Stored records

*** Begin section ***

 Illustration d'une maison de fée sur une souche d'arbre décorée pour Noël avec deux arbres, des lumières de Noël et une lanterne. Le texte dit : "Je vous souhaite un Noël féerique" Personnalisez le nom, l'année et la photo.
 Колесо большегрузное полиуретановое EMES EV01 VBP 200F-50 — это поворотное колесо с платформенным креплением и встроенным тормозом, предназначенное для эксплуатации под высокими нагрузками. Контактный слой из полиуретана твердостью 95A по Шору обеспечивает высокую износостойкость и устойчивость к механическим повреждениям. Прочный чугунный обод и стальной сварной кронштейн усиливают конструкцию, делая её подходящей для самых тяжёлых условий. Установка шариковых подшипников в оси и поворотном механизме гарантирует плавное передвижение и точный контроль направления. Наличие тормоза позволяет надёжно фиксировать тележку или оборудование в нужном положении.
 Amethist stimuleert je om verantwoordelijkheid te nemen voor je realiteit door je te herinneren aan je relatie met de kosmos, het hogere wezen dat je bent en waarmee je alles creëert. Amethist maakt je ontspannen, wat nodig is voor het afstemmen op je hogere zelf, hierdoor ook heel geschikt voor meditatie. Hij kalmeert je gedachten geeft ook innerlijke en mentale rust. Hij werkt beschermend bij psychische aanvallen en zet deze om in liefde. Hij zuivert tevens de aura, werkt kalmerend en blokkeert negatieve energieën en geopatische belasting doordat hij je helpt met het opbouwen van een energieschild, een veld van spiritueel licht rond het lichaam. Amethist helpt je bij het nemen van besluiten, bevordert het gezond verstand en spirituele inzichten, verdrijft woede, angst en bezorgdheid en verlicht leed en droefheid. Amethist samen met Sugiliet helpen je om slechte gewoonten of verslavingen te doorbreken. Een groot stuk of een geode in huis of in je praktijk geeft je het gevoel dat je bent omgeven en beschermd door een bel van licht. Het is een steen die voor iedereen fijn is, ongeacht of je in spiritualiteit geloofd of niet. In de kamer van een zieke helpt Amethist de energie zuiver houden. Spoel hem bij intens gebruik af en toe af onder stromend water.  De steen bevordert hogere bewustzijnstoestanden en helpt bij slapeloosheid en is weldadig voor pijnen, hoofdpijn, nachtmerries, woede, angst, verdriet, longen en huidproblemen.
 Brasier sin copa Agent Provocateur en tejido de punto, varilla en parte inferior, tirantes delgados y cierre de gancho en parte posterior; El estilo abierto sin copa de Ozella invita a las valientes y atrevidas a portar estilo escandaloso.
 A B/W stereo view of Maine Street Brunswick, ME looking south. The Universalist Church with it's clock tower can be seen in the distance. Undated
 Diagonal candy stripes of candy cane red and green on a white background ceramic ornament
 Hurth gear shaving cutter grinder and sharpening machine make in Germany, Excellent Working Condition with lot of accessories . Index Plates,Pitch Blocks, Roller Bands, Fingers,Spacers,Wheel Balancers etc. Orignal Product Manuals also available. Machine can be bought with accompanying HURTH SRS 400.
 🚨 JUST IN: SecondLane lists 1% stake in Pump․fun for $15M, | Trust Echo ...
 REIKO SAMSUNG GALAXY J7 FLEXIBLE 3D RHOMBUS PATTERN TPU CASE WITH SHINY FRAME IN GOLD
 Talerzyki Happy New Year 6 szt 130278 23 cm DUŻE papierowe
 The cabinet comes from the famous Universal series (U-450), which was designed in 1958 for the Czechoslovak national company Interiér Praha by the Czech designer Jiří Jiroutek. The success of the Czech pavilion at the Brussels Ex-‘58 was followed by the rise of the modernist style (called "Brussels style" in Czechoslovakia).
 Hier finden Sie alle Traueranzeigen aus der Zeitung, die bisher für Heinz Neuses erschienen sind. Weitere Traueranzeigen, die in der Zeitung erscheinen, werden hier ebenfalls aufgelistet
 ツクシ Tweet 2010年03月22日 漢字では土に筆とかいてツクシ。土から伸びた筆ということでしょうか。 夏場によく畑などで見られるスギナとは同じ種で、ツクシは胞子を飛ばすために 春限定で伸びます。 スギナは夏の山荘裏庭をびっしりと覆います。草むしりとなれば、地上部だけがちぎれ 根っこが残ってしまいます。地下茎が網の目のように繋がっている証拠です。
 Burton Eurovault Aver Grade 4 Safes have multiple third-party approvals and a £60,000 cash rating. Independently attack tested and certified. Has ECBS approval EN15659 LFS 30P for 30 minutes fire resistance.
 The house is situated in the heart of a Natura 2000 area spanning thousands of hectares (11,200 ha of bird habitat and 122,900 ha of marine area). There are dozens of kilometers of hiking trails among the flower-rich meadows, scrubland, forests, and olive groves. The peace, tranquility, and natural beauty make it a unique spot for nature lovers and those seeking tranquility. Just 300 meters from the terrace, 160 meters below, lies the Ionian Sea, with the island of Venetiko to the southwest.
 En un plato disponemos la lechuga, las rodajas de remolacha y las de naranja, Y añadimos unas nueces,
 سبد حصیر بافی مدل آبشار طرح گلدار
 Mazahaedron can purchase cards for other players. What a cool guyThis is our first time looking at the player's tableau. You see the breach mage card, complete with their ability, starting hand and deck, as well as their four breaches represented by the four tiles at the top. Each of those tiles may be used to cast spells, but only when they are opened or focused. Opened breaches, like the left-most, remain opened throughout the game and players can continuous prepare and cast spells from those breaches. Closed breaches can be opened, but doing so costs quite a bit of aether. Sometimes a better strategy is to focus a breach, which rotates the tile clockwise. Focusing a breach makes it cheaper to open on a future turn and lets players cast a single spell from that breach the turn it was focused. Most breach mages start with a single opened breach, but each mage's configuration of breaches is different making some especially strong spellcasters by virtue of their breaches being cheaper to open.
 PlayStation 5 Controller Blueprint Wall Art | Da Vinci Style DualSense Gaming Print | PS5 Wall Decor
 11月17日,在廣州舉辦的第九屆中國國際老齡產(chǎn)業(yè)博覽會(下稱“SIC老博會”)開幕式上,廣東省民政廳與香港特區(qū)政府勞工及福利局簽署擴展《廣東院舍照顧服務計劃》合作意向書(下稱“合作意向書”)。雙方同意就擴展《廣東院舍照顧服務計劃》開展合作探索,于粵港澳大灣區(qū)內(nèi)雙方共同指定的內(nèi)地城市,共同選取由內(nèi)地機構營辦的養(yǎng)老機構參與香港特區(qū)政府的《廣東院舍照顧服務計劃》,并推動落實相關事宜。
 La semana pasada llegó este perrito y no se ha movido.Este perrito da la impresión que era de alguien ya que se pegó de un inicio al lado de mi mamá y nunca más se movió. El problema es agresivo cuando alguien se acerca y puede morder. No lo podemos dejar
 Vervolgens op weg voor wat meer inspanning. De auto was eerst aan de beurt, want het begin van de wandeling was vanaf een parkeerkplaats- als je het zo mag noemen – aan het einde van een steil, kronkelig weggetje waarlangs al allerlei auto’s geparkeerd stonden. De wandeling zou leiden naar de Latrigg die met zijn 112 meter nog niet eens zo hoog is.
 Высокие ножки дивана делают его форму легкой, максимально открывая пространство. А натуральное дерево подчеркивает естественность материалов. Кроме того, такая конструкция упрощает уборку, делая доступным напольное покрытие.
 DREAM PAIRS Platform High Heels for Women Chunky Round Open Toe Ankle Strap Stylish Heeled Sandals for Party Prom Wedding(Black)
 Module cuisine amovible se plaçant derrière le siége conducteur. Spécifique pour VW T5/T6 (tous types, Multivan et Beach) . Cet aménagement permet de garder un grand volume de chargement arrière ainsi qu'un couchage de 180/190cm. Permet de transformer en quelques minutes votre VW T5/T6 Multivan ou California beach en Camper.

*** End section ***

_WORK INSTRUCTIONS_
Would you please copy exactly the part of the entries above that begins at the line containing "Hurth gear shaving" and ends at the line containing "ツクシ Tweet 2010年03月22日", both lines included?

_RESPONSE TO THIS EXERCISE_
 Hurth gear shaving cutter grinder and sharpening machine make in Germany, Excellent Working Condition with lot of accessories . Index Plates,Pitch Blocks, Roller Bands, Fingers,Spacers,Wheel Balancers etc. Orignal Product Manuals also available. Machine can be bought with accompanying HURTH SRS 400.
 🚨 JUST IN: SecondLane lists 1% stake in Pump․fun for $15M, | Trust Echo ...
 REIKO SAMSUNG GALAXY J7 FLEXIBLE 3D RHOMBUS PATTERN TPU CASE WITH SHINY FRAME IN GOLD
 Talerzyki Happy New Year 6 szt 130278 23 cm DUŻE papierowe
 The cabinet comes from the famous Universal series (U-450), which was designed in 1958 for the Czechoslovak national company Interiér Praha by the Czech designer Jiří Jiroutek. The success of the Czech pavilion at the Brussels Ex-‘58 was followed by the rise of the modernist style (called "Brussels style" in Czechoslovakia).
 Hier finden Sie alle Traueranzeigen aus der Zeitung, die bisher für Heinz Neuses erschienen sind. Weitere Traueranzeigen, die in der Zeitung erscheinen, werden hier ebenfalls aufgelistet
 ツクシ Tweet 2010年03月22日 漢字では土に筆とかいてツクシ。土から伸びた筆ということでしょうか。 夏場によく畑などで見られるスギナとは同じ種で、ツクシは胞子を飛ばすために 春限定で伸びます。 スギナは夏の山荘裏庭をびっしりと覆います。草むしりとなれば、地上部だけがちぎれ 根っこが残ってしまいます。地下茎が網の目のように繋がっている証拠です。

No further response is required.